[WHAT YOU ARE ASKED TO DO]
For the data below, retype word for word the lines from the one containing "6月28日,侯俊来到杭州第二" through the one containing "दरम्यान, ‘शुभविवाह’ मालिकेने"; drop the pictures.
BEGIN DATA FOR REVIEW
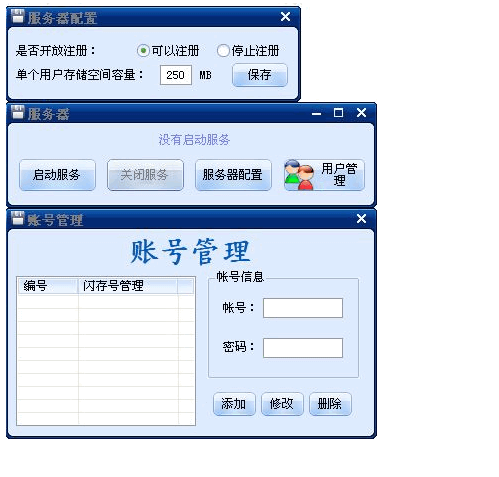 網(wǎng)吧閃存是一款小巧適用的適用于網(wǎng)吧的局域網(wǎng)存盤,本軟件可以自設(shè)置客戶是否可以注冊,單用戶存儲空間大小等。
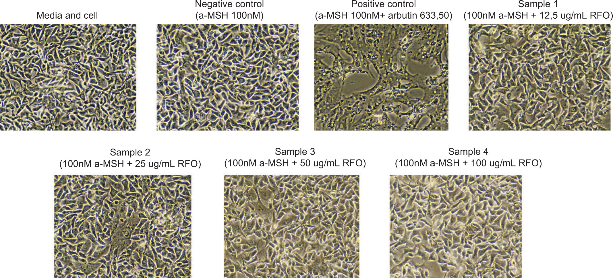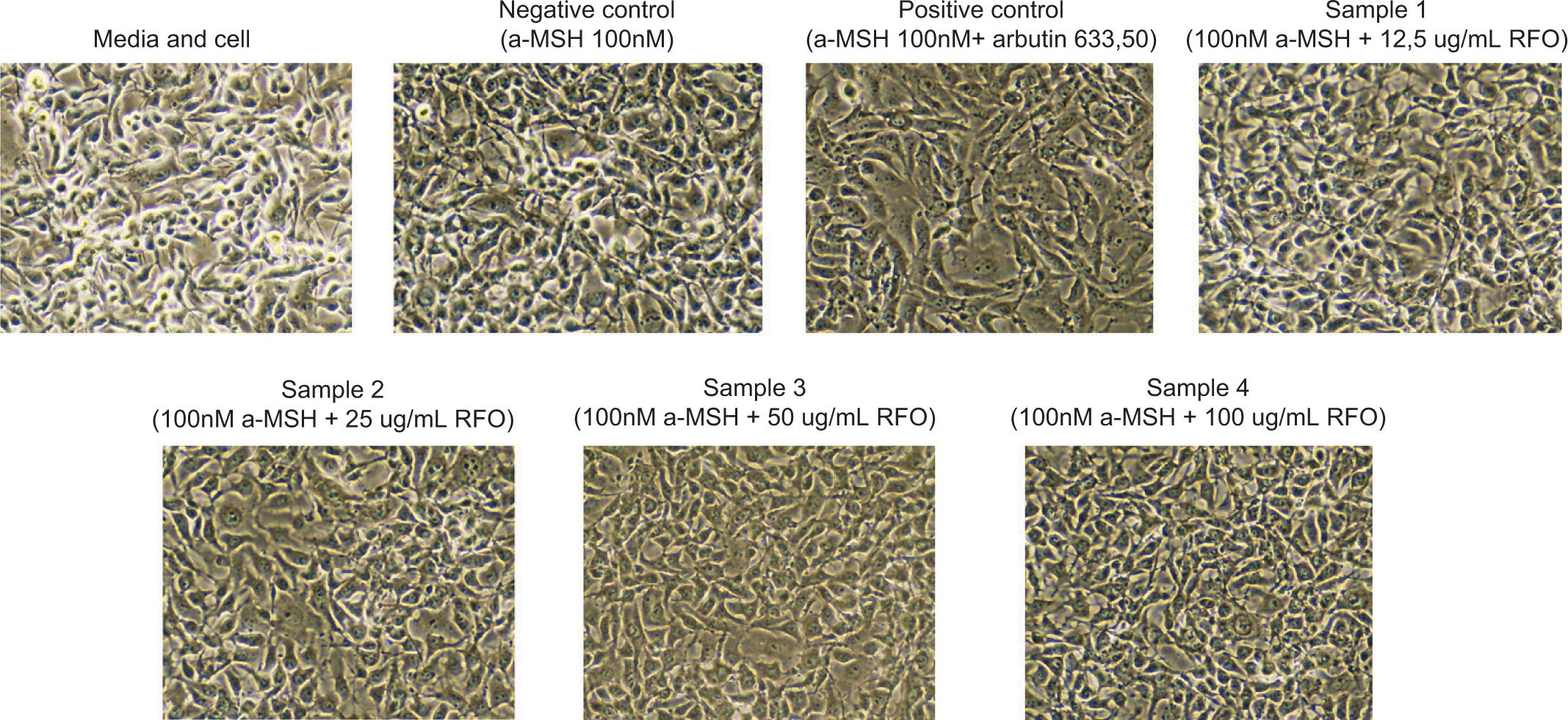 This laboratory-based experimental study was conducted at the Central Laboratory of Universitas Padjadjaran. The research utilized B16F10 melanoma cell cultures stimulated with α-MSH. Samples were obtained from confluent and uncontaminated cultured cells. The study included seven groups: one media control (medium + cell) group, one negative control group, and one positive control group, and four treatment groups. The treatment groups consisted of B16F10 cells that were stimulated with α-MSH and given RFO at concentrations of 12.5, 25, 50, and 100 μg/mL, respectively. The media control group contained untreated B16F10 cells, and the negative control group included cells that were only stimulated with α-MSH. Cells that were treated with Arbutin and α-MSH made up the positive control group.
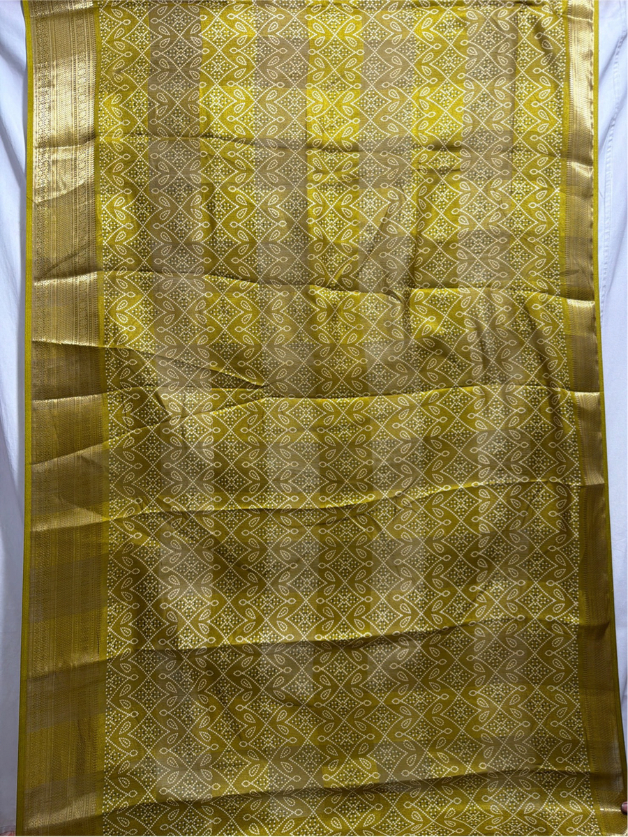 Kala Sanskruti All Over Mahendi Color Art Silk Printed Saree 6.5M with Blouse Piece Elegant Traditional Wear Bridal Unique Saree for Women
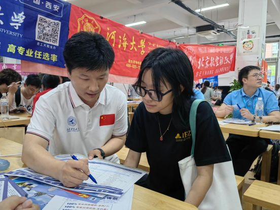 6月28日,侯俊来到杭州第二中学高考志愿填报咨询活动现场,为考生及家长答疑解惑,针对员工关心的录取分数线、专业就业前景等问题一一作答,现场气氛热烈。
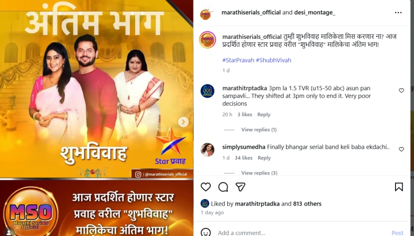 दरम्यान, ‘शुभविवाह’ मालिकेने नुकतेच हजार भागही पूर्ण केले होते. ही मालिका सुरुवातीला दुपारी २ वाजता, त्यानंतर सप्टेंबर २०२५ पासून दुपारी अडीच वाजता आणि आता १६ फेब्रुवारी ते ५ मार्च असे काही दिवस ‘शुभविवाह’ मालिका दुपारी तीन वाजता प्रसारित केली गेली. आता ‘स्टार प्रवाह’वर आगामी काळात कोणत्या नव्या मालिका प्रेक्षकांच्या भेटीला येणार हे पाहणं महत्त्वाचं ठरणार आहे.
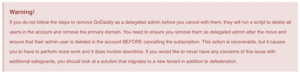 Customers can purchase a Microsoft 365 subscription direct with GoDaddy along with their primary domain. When this occurs, GoDaddy federates this domain and tenant, making it unable to transfer under the CSP program. Moving and defederating this account has been a major pain point and it has often involved talking to GoDaddy support for many hours. In calling them to defederate the domain, they would delete all user accounts and data, so you had to make sure you had migrated the email to a new 365 tenant first before performing this cutover. Once they released the domain, it was often a scramble to get this set back up in the new 365 tenant to avoid downtime as much as possible.
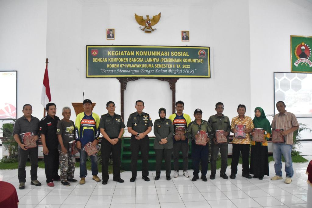 Komunikasi Sosial yang dikemas dalam kegiatan Pembinaan Komunikasi Komunitas ini bertajuk “Bersatu membangun bangsa dalam bingkai NKRI”, diikuti Komunitas Purwokerto American Jeep (PAJ), Komunitas Mitra Jaga Wana Banyumas, Komunitas Treal Kemangkon (KOTAK) Kemangkon Purbalingga, Komunitas Mitra Bina Wijaya Cilacap, Komunitas Pembatik Banjarnegara, untuk meningkatkan kebersamaan dan mempererat hubungan TNI khususnya Korem 071/Wijayakusuma dengan seluruh komponen bangsa lainnya di wilayah Korem 071/Wijayakusuma.
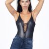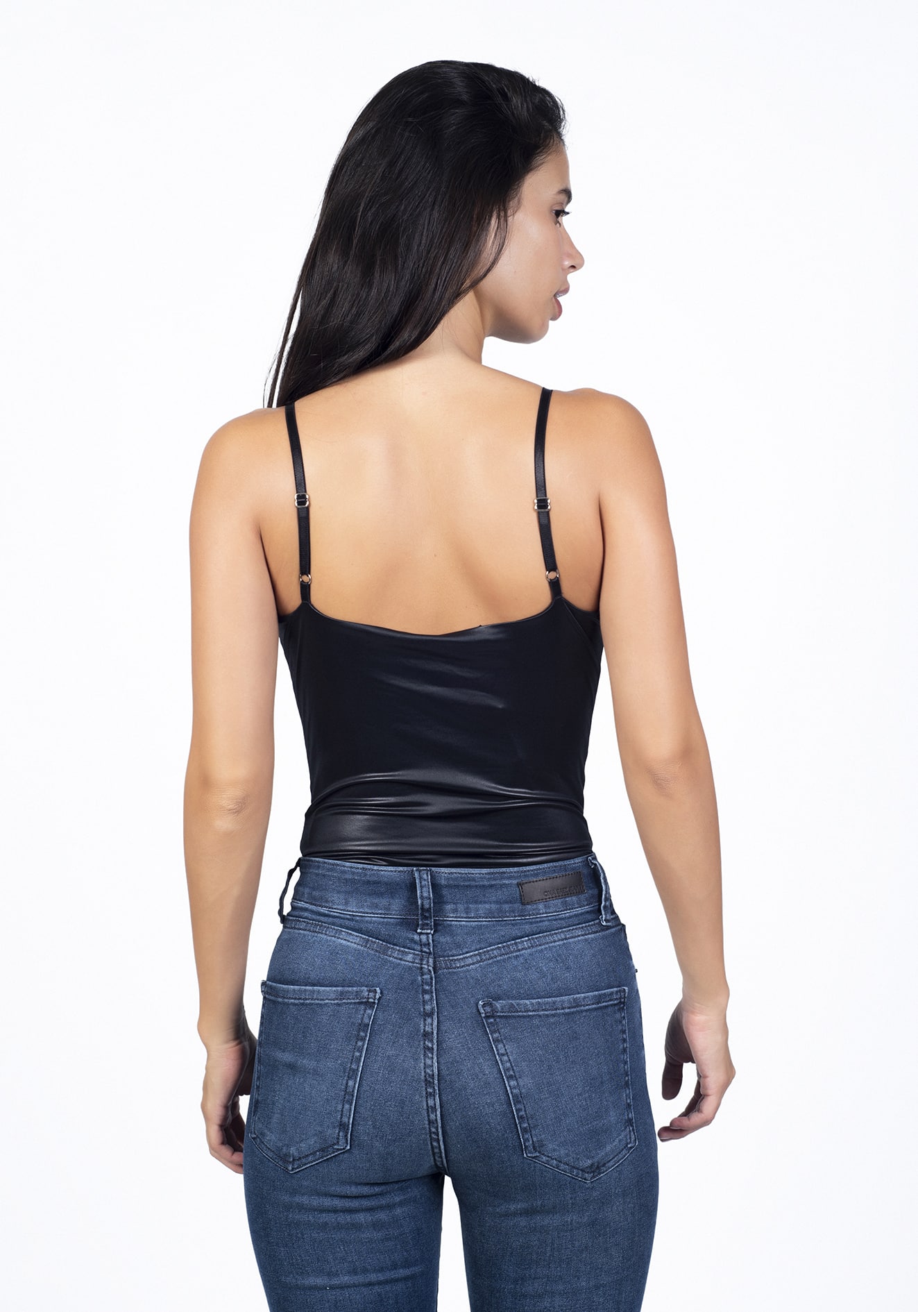 Body confeccionado en jersey brillante , con detalle de cintas entrelazadas en el escote.
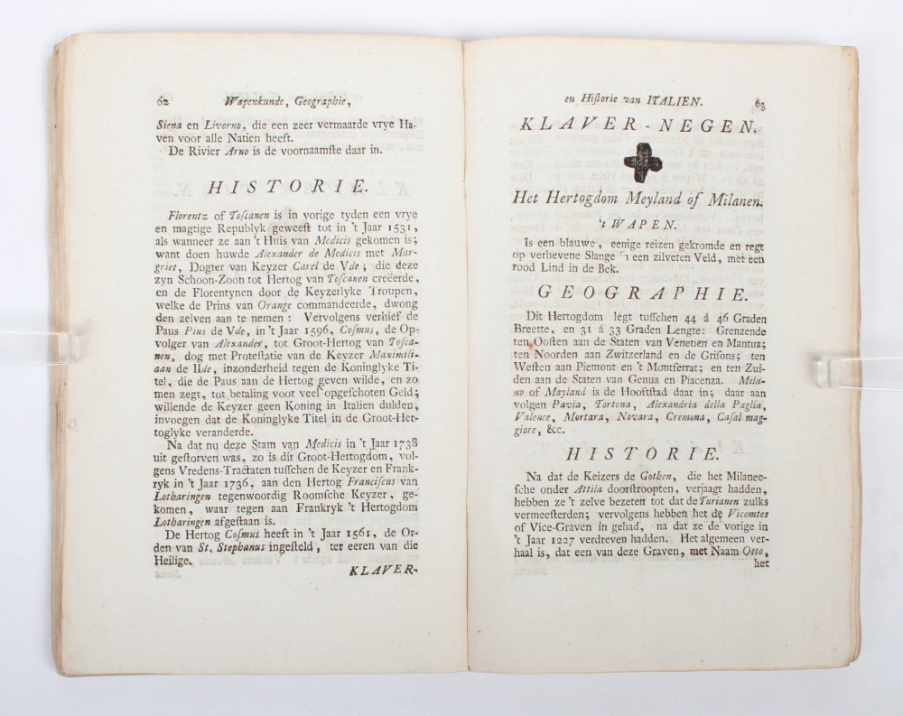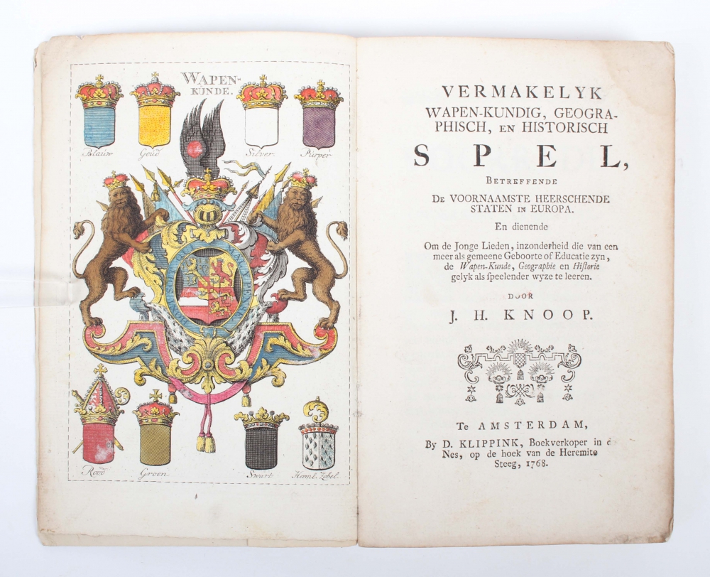 Vermakelyk wapen-kundig, geographisch, en historisch spel, betreffende de voornaamste heerschende staten in Europa. Amsterdam, D. Klippink, 1768. 8vo. [24], 203, [5] pp. With engraved, hand-coloured heraldic frontispiece. Cardboard, marbled binding. A few pages with marginal water stain, binding somewh. worn, else very good copy.
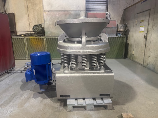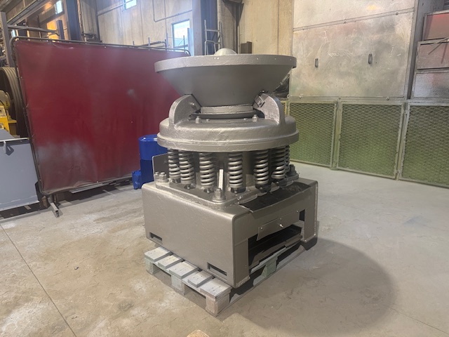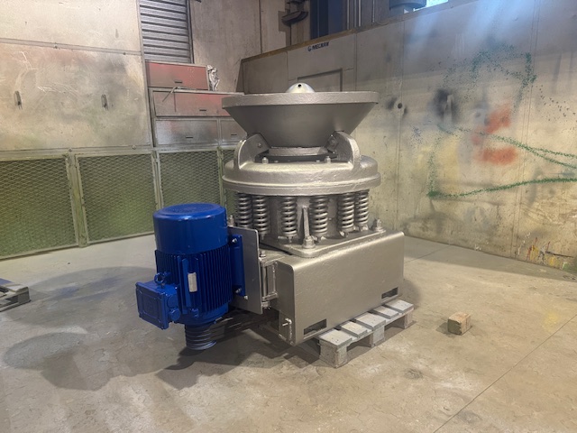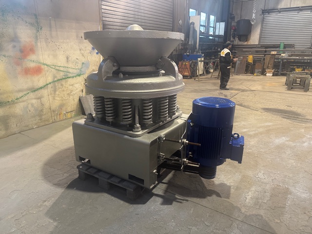 Frantoio a cono Mem Gravicone A500 ricondizionato 2024, cono e campana come nuovi, alimentazione massima 60 mm. produzione c.ca 25 ton/h con regolazione a 16 mm., dotato di motore elettrico a 6 poli da 22 kW montato a bordo macchina. Macchina con libretto di uso e manutenzione e certificazione aggiornata.
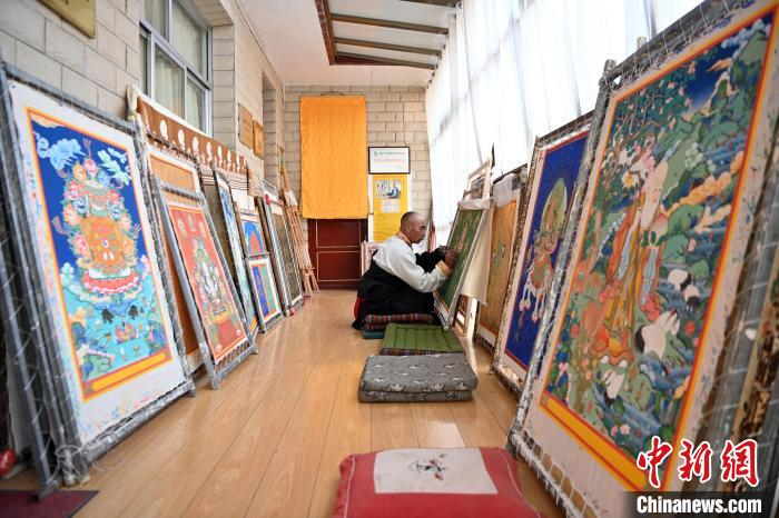 交巴加布的唐卡作品涵盖了布面彩绘唐卡、珍珠唐卡、刺绘唐卡、织锦唐卡等10余种类型。他在唐卡着色、晕染、勾线、上色等方面都有很深的造诣,使得他的作品色彩鲜艳、线条流畅、构图巧妙,充满了艺术魅力。图为交巴加布在个人工作室展示绘制的小唐卡。九美旦增 摄
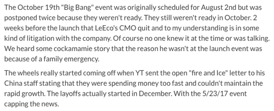 不过, Big Bang发布会背后还有更多的内幕。“这场预计安排在8月2日的活动被一拖再拖,至少拖延两次才安排到10月进行的。实际上,乐视到10月也没有完全准备好。在发布会前两周乐视CMO因为和公司的诉讼突然从公司离职。当然,最终他没有来到现场,更无法按照最初的安排演讲。而对员工,公司只是表示这位高层家中有急事。”
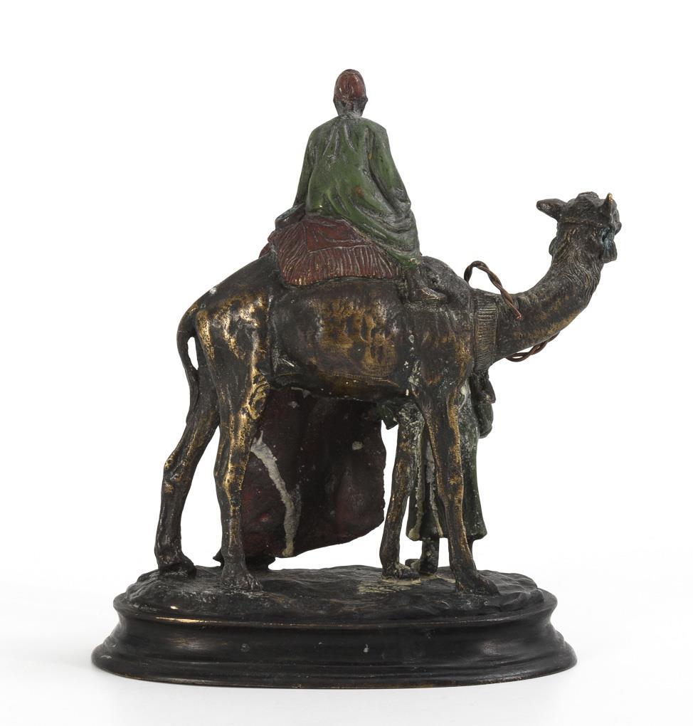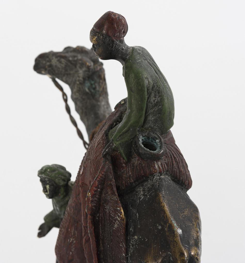 Im Stil der Wiener Bronzen gestaltete Teppichhändler mit Dromedar. Farbe berieben, originales Bohrloch für fehlenden Aufsatz.
END DATA FOR REVIEW
[SOLUTION TO THE EXERCISE]
 6月28日,侯俊来到杭州第二中学高考志愿填报咨询活动现场,为考生及家长答疑解惑,针对员工关心的录取分数线、专业就业前景等问题一一作答,现场气氛热烈。
 दरम्यान, ‘शुभविवाह’ मालिकेने नुकतेच हजार भागही पूर्ण केले होते. ही मालिका सुरुवातीला दुपारी २ वाजता, त्यानंतर सप्टेंबर २०२५ पासून दुपारी अडीच वाजता आणि आता १६ फेब्रुवारी ते ५ मार्च असे काही दिवस ‘शुभविवाह’ मालिका दुपारी तीन वाजता प्रसारित केली गेली. आता ‘स्टार प्रवाह’वर आगामी काळात कोणत्या नव्या मालिका प्रेक्षकांच्या भेटीला येणार हे पाहणं महत्त्वाचं ठरणार आहे.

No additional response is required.